■ **Supplied material**
[Start of section]
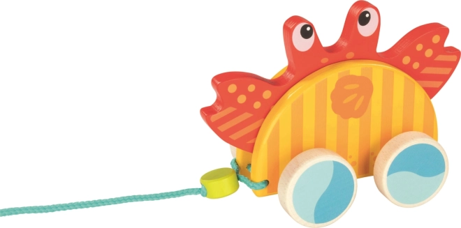 Ta barvita vlečna igrača v obliki raka je izdelana iz kakovostnega masivnega lesa, kar zagotavlja dolgo življenjsko dobo in varnost za otroke. Kolesca igrače spominjajo na morske valove, kar jo dela igrivo in opazno popestritev otroške sobe.
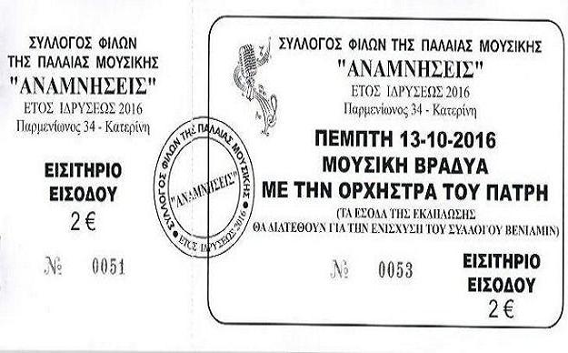Ο Σύλλογος Φίλων της Παλαιάς Μουσικής "Αναμνήσεις" διοργανώνει την Πέμπτη 13/10/2016 και ώρα 21.00 μια υπέροχη μουσική βραδυά με τη συμμετοχή της Ορχήστρας του Νίκου Πατρή. Τα έσοδα της εκδήλωσης θα διατεθούν για την ενίσχυση του Συλλόγου Προστασίας Παιδιών ΒΕΝΙΑΜΙΝ.
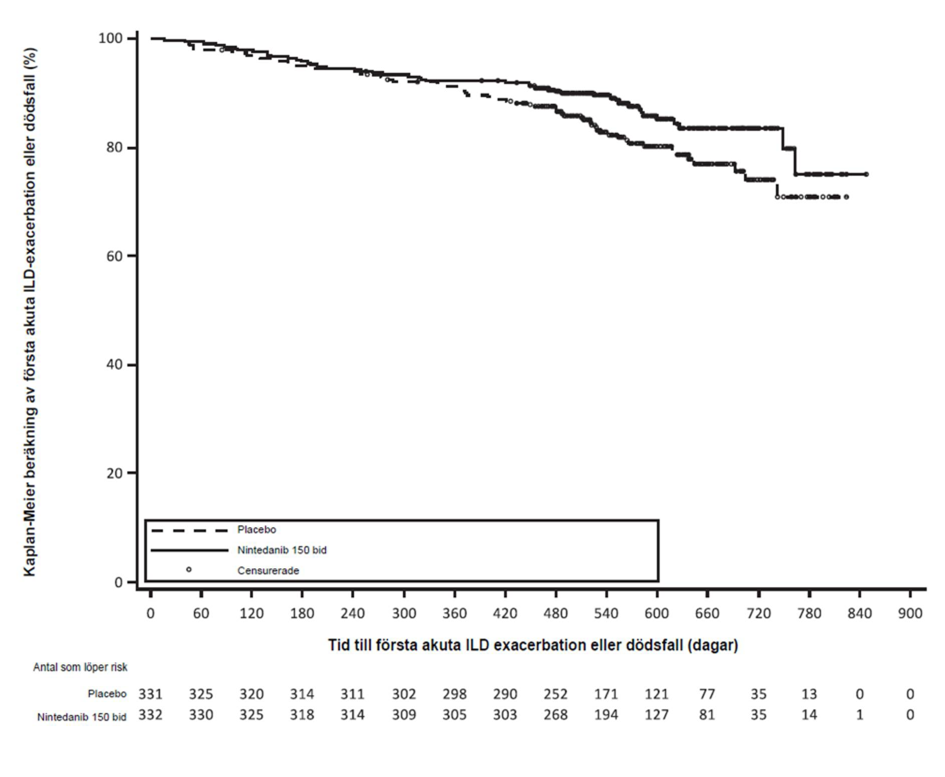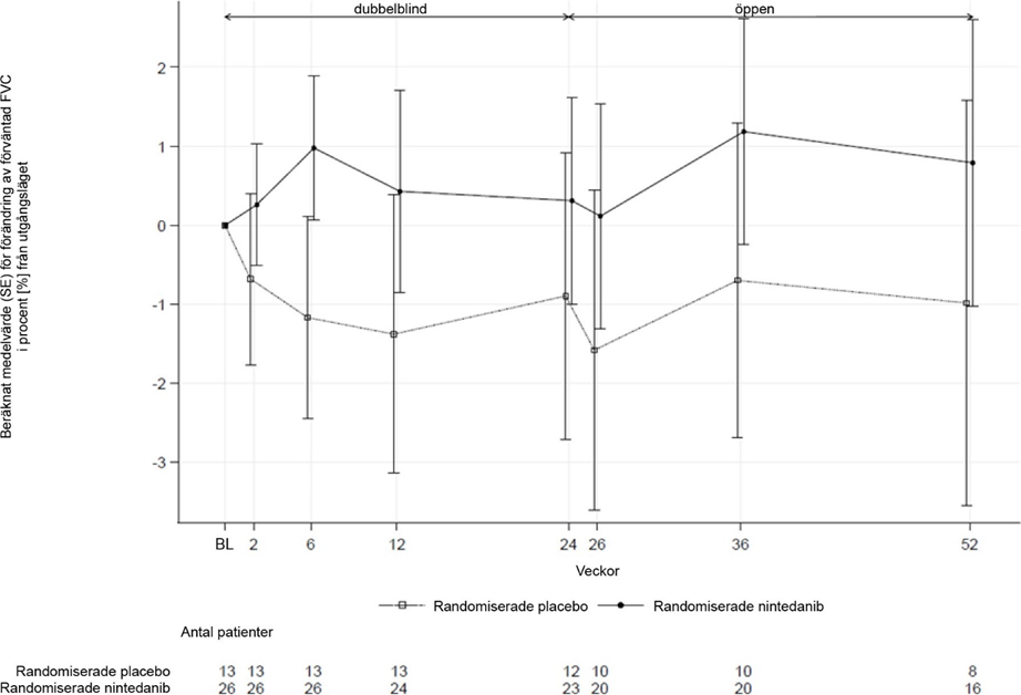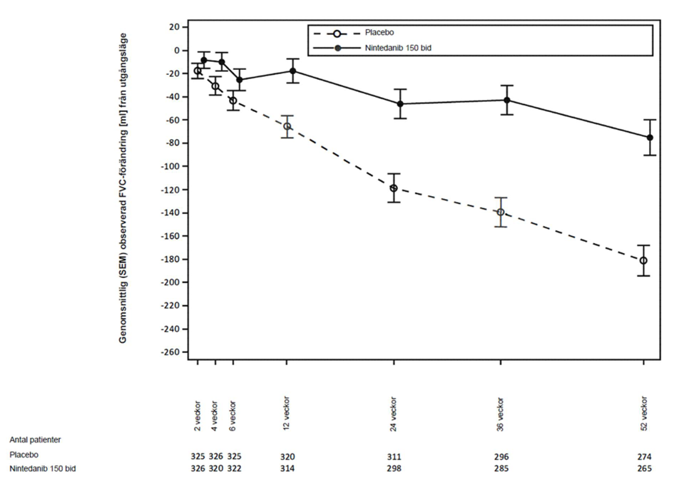 * Efter 24 veckors behandling fick alla patienter nintedanib i den öppna delen av studien.
[End of section]
■ **What is required**
Repeat the data exactly, without the pictures.

■ **Your response**
 Ta barvita vlečna igrača v obliki raka je izdelana iz kakovostnega masivnega lesa, kar zagotavlja dolgo življenjsko dobo in varnost za otroke. Kolesca igrače spominjajo na morske valove, kar jo dela igrivo in opazno popestritev otroške sobe.
Ο Σύλλογος Φίλων της Παλαιάς Μουσικής "Αναμνήσεις" διοργανώνει την Πέμπτη 13/10/2016 και ώρα 21.00 μια υπέροχη μουσική βραδυά με τη συμμετοχή της Ορχήστρας του Νίκου Πατρή. Τα έσοδα της εκδήλωσης θα διατεθούν για την ενίσχυση του Συλλόγου Προστασίας Παιδιών ΒΕΝΙΑΜΙΝ.
 * Efter 24 veckors behandling fick alla patienter nintedanib i den öppna delen av studien.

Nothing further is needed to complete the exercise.